- Born: c. 1649 Oyster Bay, New York
- Died: 1703 Oyster Bay, New York
- Spouse: Deborah Underhill
- Children: Uriah Townsend Robert Townsend Elizabeth Townsend
- Parent(s): Henry Townsend and Anne Coles

= Henry Townsend (Oyster Bay) =

Henry Townsend (c. 1649–1703) was the son of Henry Townsend, an early settler of the American Colonies.

==Biography==
Henry Townsend was the son of Henry Townsend who immigrated to the colonies from England.

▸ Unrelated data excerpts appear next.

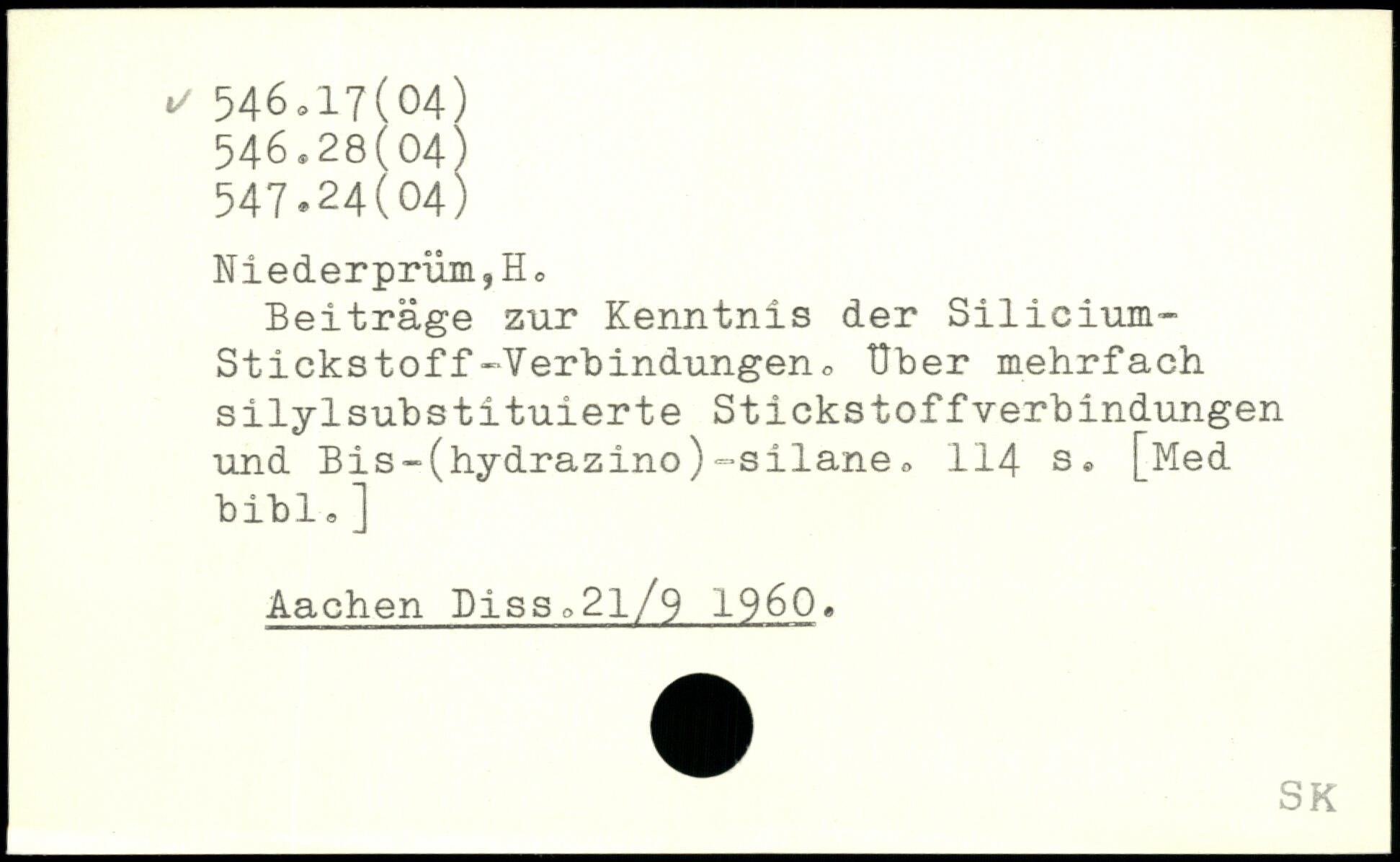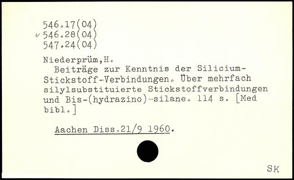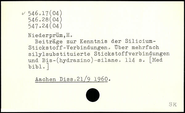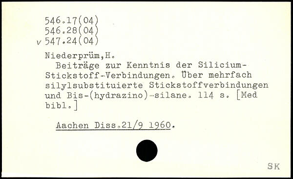 Beiträge zur Kenntnis der Silicium-Stickstof f-Verbindungen0 über mehrfach silylsubstituierte StickstoffVerbindungen und Bis-(hydrazino)-silane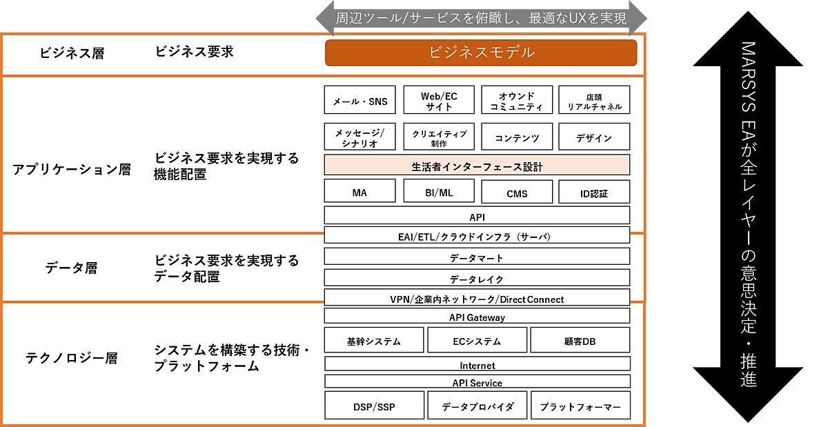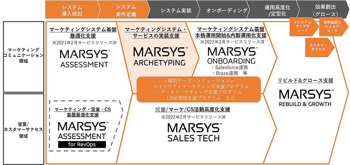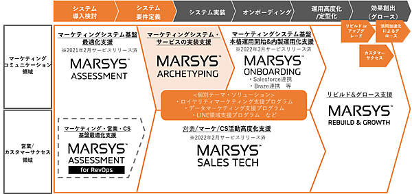 マーケティングとシステムの専門家の「MARSYS Enterprise Architect(マーシス・エンタープライズアーキテクト:MARSYS EA)」がオウンドサービス・CDP(顧客データ基盤)・MA(マーケティング自動化)を横断し、要件を常にアップデートして開発。さらに複数のパートナー会社と連携する柔軟な開発体制を構築する。開発に求められるクリエイティブ力や先端システムの評価知見を網羅することで、プロジェクトを円滑に推進する。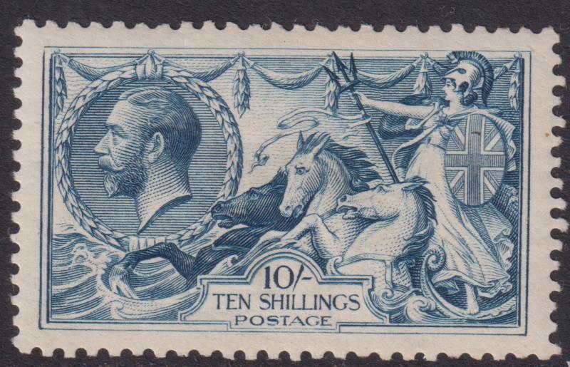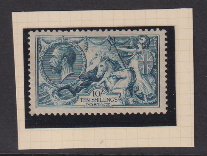 1919 10/- Seahorses, BW printing, w/c. SG 417. Cat £425. Mint. (Image)
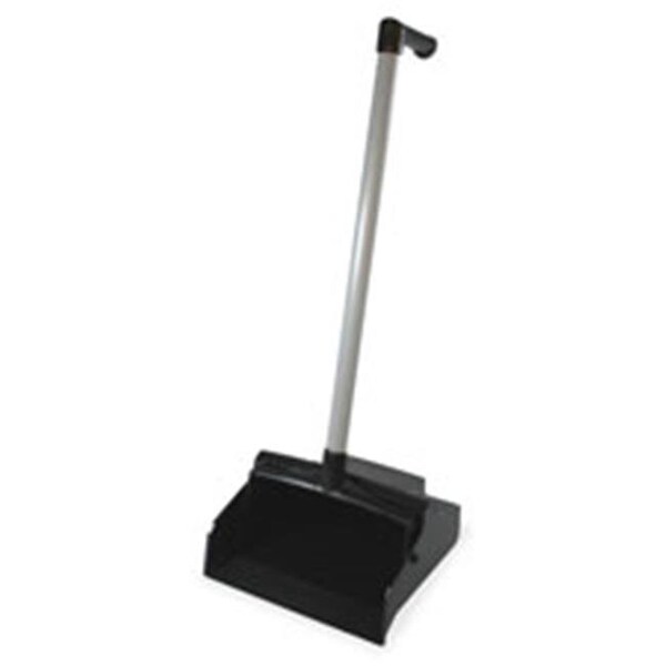 Lobby dustpan with L-grip features an easy-lock, two-way handle that locks conveniently in the upright position. Innovative footrest pads won't scratch or damage surfaces to safely clean all types of floors. Enhanced angle bottom prevents contained dirt and dust from falling out. Refined front edge makes picking up smaller items and dust easy to save you valuable time and effort. Large tray capacity picks up even more to prevent frequent emptying. Broom cleaning teeth quickly clean your broom to maximize your efficiency.

Eventually Henry Townsend settled in Oyster Bay, where his son Henry Townsend was raised. Townsend Society of America DNA testing project has established that the Oyster Bay family is not related to Thomas Townsend of Lynn, MA. The county of origin in England for Henry, John and Richard Townsend is not known.

Henry Townsend married Deborah Underhill in 1677. Deborah Underhill (1659–1698) was daughter of Captain John Underhill (1597–1672), another important figure in Colonial America who trained the militia of the Massachusetts Bay Colony and served as magistrate of Flushing for a brief period of time, before settling on 150 acre of land outside of Oyster Bay. Captain Underhill was converted to Quakerism by his second wife, thus making the union of Henry Townsend and Deborah Underhill the combining of two of the most influential Quaker families in Oyster Bay.

They had at least four children together: Robert Townsend (b. 1687), Elizabeth Townsend (1692–1756), Henry (d. 1709) and Uriah Townsend (1698–1767).